PROMPT. Write the data out again, character for character, with no images.

PROVIDED DATA.

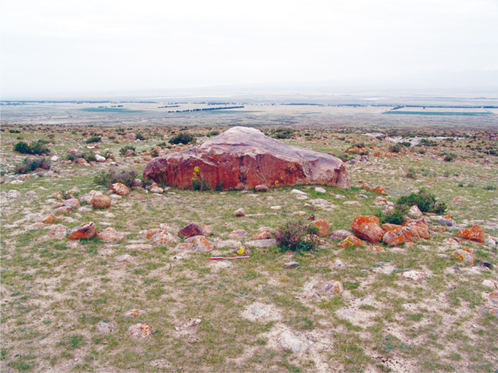 在東天山北麓巴里坤草原上,靜臥著一處規(guī)模宏大的古代游牧文化遺址——東黑溝遺址。該遺址是集墓葬、居址和巖畫(huà)于一體的超大型聚落,遺址的石筑高臺(tái)和石圍居住基址的年代可追溯至商代晚期至西周,而該遺址的墓葬年代主要集中在戰(zhàn)國(guó)晚期至西漢。2005年7月至9月,西北大學(xué)考古隊(duì)發(fā)現(xiàn)了以高臺(tái)為中心的遺存,并對(duì)相關(guān)遺跡進(jìn)行了初步測(cè)繪。
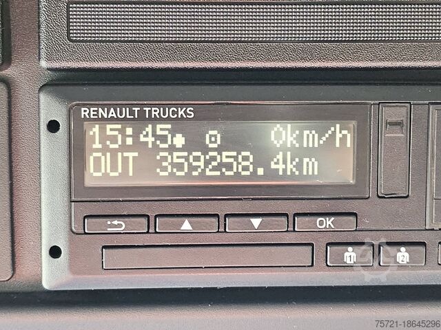 Number of axles: 2, Configuration: 4x2, Payload: 5223 kg, Own weight: 6767 kg, Gross weight: 11990 kg, Total tank capacity: 200 litres, Suspension type: Air suspension, Cabin type: Short cabin, Cruise control, Tachograph (control unit), Digital tachograph, Air conditioning, Color: White, Engine manufacturer: Renault, Engine power: 176 kW (236 Hp), Fuel: Diesel, Euro: 6, Gearbox type: Optidriver, Gears: 6, Power steering, ABS, ASR, Seats: 2, Tail lift, Tail lift type: Tailgate, Tail lift load capacity: 1500 kg, Tail lift manufacturer: Dhollandia, Tail lift material: Steel, Tail lift size: 175 x 252
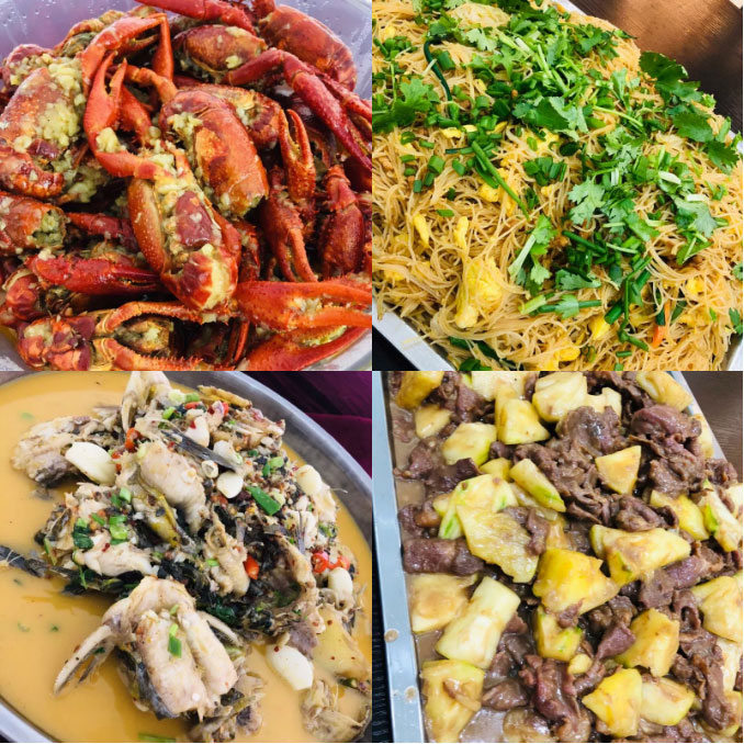 寿司船、麻辣小龙虾、时令水果、炒粉...

FINAL ANSWER.
 在東天山北麓巴里坤草原上,靜臥著一處規(guī)模宏大的古代游牧文化遺址——東黑溝遺址。該遺址是集墓葬、居址和巖畫(huà)于一體的超大型聚落,遺址的石筑高臺(tái)和石圍居住基址的年代可追溯至商代晚期至西周,而該遺址的墓葬年代主要集中在戰(zhàn)國(guó)晚期至西漢。2005年7月至9月,西北大學(xué)考古隊(duì)發(fā)現(xiàn)了以高臺(tái)為中心的遺存,并對(duì)相關(guān)遺跡進(jìn)行了初步測(cè)繪。
 Number of axles: 2, Configuration: 4x2, Payload: 5223 kg, Own weight: 6767 kg, Gross weight: 11990 kg, Total tank capacity: 200 litres, Suspension type: Air suspension, Cabin type: Short cabin, Cruise control, Tachograph (control unit), Digital tachograph, Air conditioning, Color: White, Engine manufacturer: Renault, Engine power: 176 kW (236 Hp), Fuel: Diesel, Euro: 6, Gearbox type: Optidriver, Gears: 6, Power steering, ABS, ASR, Seats: 2, Tail lift, Tail lift type: Tailgate, Tail lift load capacity: 1500 kg, Tail lift manufacturer: Dhollandia, Tail lift material: Steel, Tail lift size: 175 x 252
 寿司船、麻辣小龙虾、时令水果、炒粉...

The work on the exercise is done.